While melting ice caps may be sending tremors down the spines of cities built on the edge of land around the globe, hungry oil and gas companies are eyeing newly exposed shorelines in Greenland and Siberia that had long been off limits to exploration due to all that ice. Antarctica's mineral-rich Peninsula may soon join that list as its ice sloughs off too.

Infrastructure repair-roads, bridges, tunnels, etc-could be a boom business as superstorms, floods and fires grow. The U.N. estimates that by 2030 we'll be spending more than $130 billion a year (sounds low to me) on repairs and upkeep.

Whether such investments are cynical or smart is up to those holding the (money) bags.

The giant, Massachusetts-based defense contractor Raytheon represents a different kind of industry that could boom as the planet heats up.  

A great Mother Jones story details the conundrum for the company that makes everything from communications systems to Tomahawk missiles. While it certainly doesn't want to be seen as promoting climate change as a growth business, it predicts its military services will grow as the planet warms.

As we're seeing in the Mideast right now the triggers to pushing longstanding civil unrest over the edge are often climate-related.
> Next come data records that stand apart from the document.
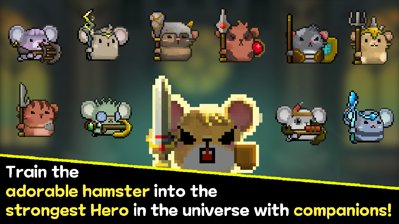 Pegue o hamster e treine-o para se tornar o Herói mais forte do universo. Liberte a vila dos Monstros que ameaçam destruí-la.
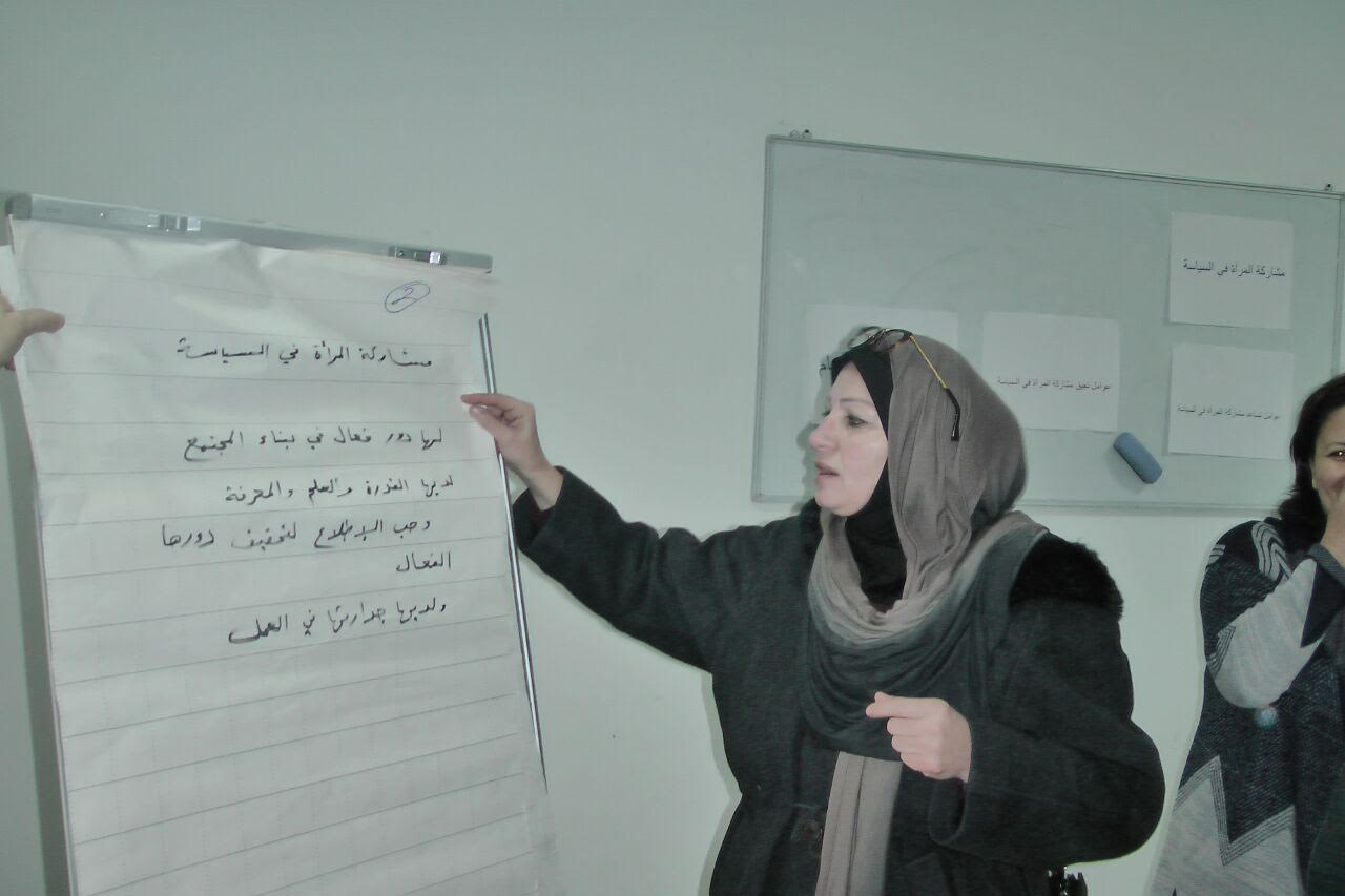 على المراة اثبات ذاتها والايمان بقدراتها والتقدم الى الانتخابات والتعرف الى حقوقها القانونية
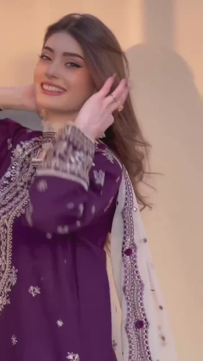 Celebrate the festive season with this elegant designer top, pant, and dupatta set, crafted in premium faux georgette fabric. Featuring refined sequence embroidery work and a graceful silhouette, this ready-to-wear ensemble offers the perfect blend of comfort and festive charm, making it ideal for Eid celebrations, parties, and special occasions.
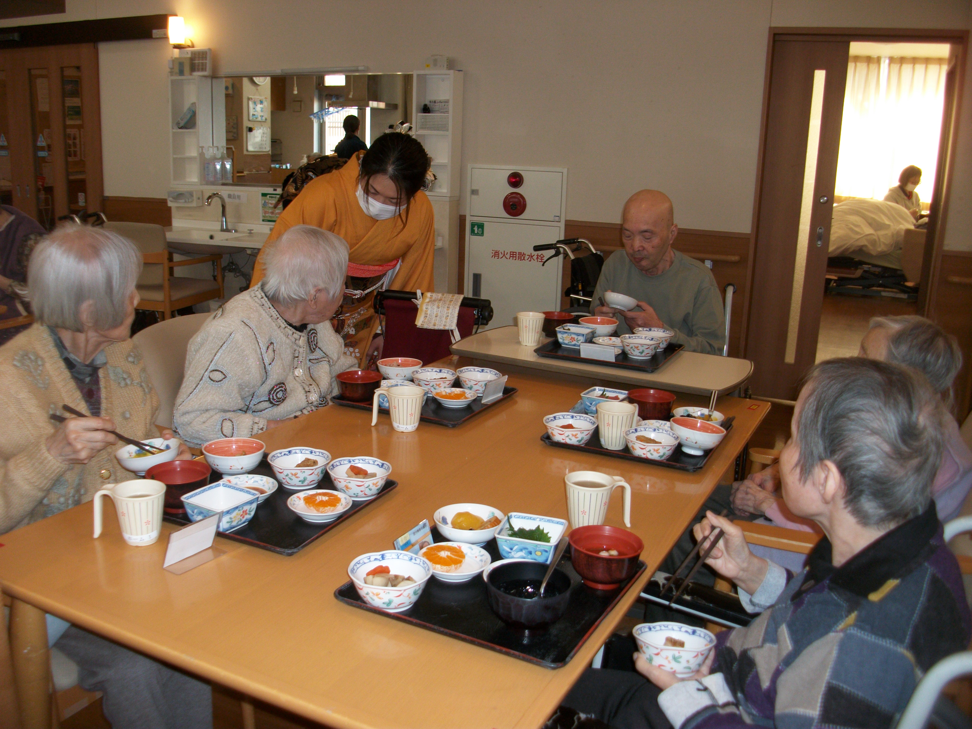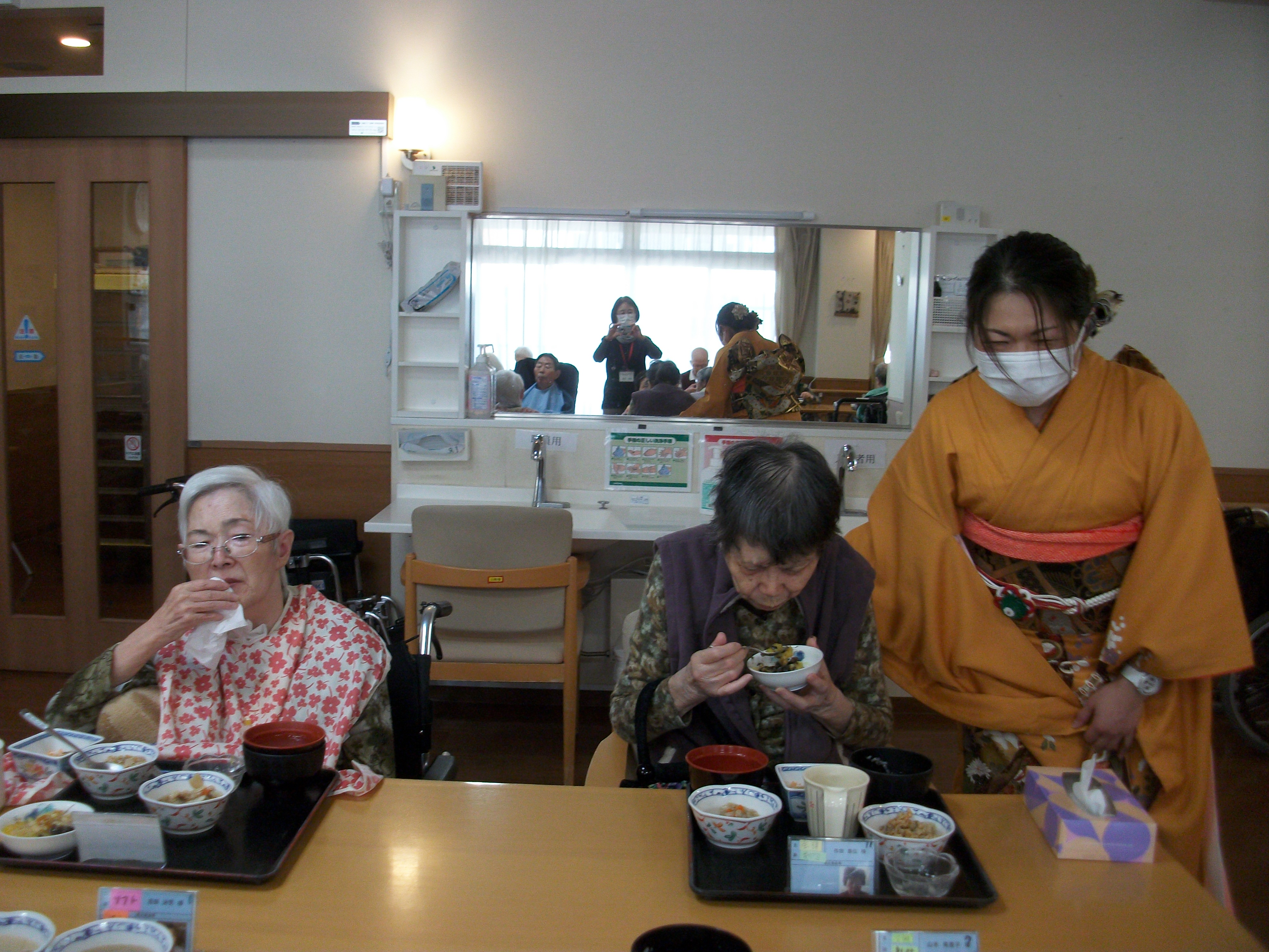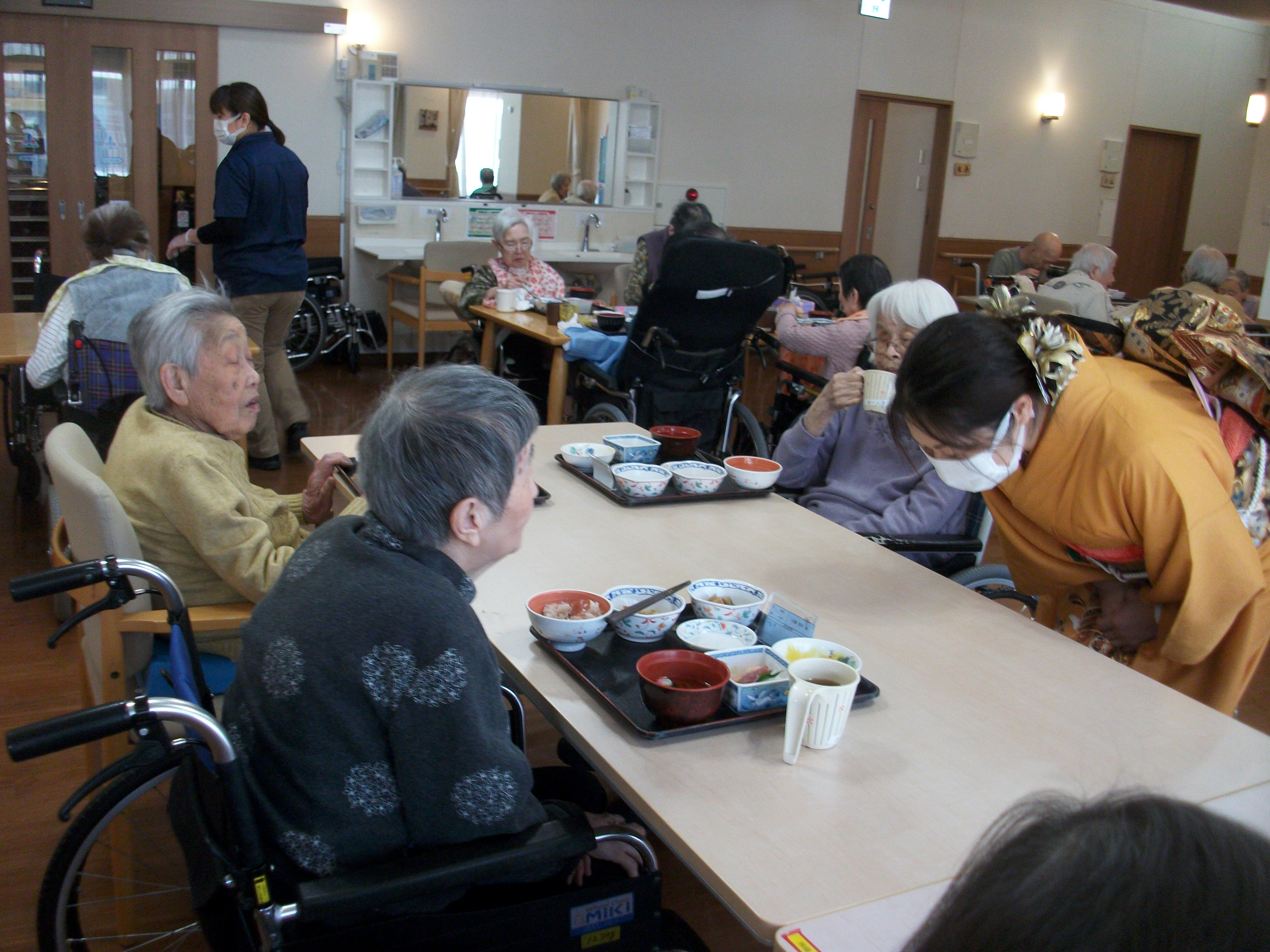 元旦のお昼ご飯時に、ヴィラの施設長が着物でご挨拶に参りました。
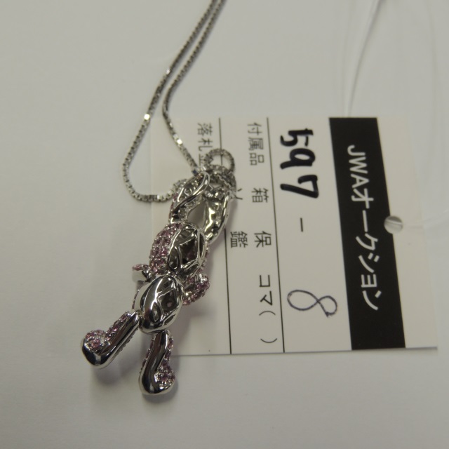 ペン・ネック サファイヤ ダイヤ うさぎ K18WG 9.20g 石目:1.24 0.72
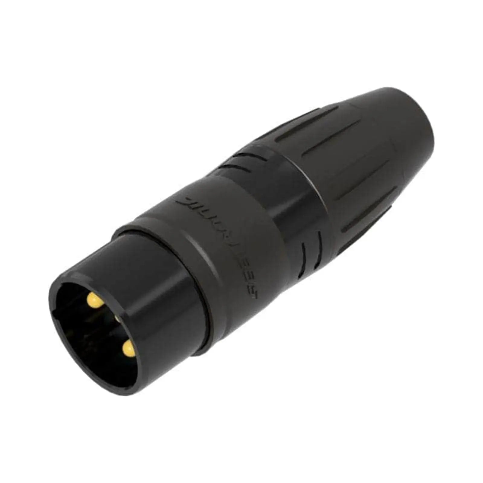 The Seetronic SCWM3‑B‑67 is a rugged IP67-rated 3-pin XLR male cable connector built for harsh environments. Featuring a black zinc die-cast housing gold-plated Cu-alloy contacts and a polyurethane sealing boot this connector ensures superior strain relief corrosion resistance and waterproof protection. Designed for outdoor AV stage broadcast and industrial applications it delivers up to 16 A per contact and exceeds 1000 mating cycles.

Drought wracks farms; prices of food go up; already impoverished people can no longer afford to feed families; protests ensue; other grievances pour out and blood is shed.

Any single climate event-drought, fire, flood, storm-could be enough to trigger violent conflict. A combination of more than one could spark civil war. Defense contractors like Raytheon, Boeing or Lockheed Martin pay attention to those kinds of dynamics.

If civil unrest is in the offing, in steps a company that can help governments, and private companies, arm themselves. In response to a recent query about its climate-related opportunities, Raytheon said, "expanded business opportunities are likely to arise as consumer behavior and needs change in response to climate change."

It imagined seeing a bump in demand for "military products and services as security concerns arise as results of droughts, floods and storm events that occur as a result of climate change."

The company predicted this "bump" could happen in the next 6 to 10 years.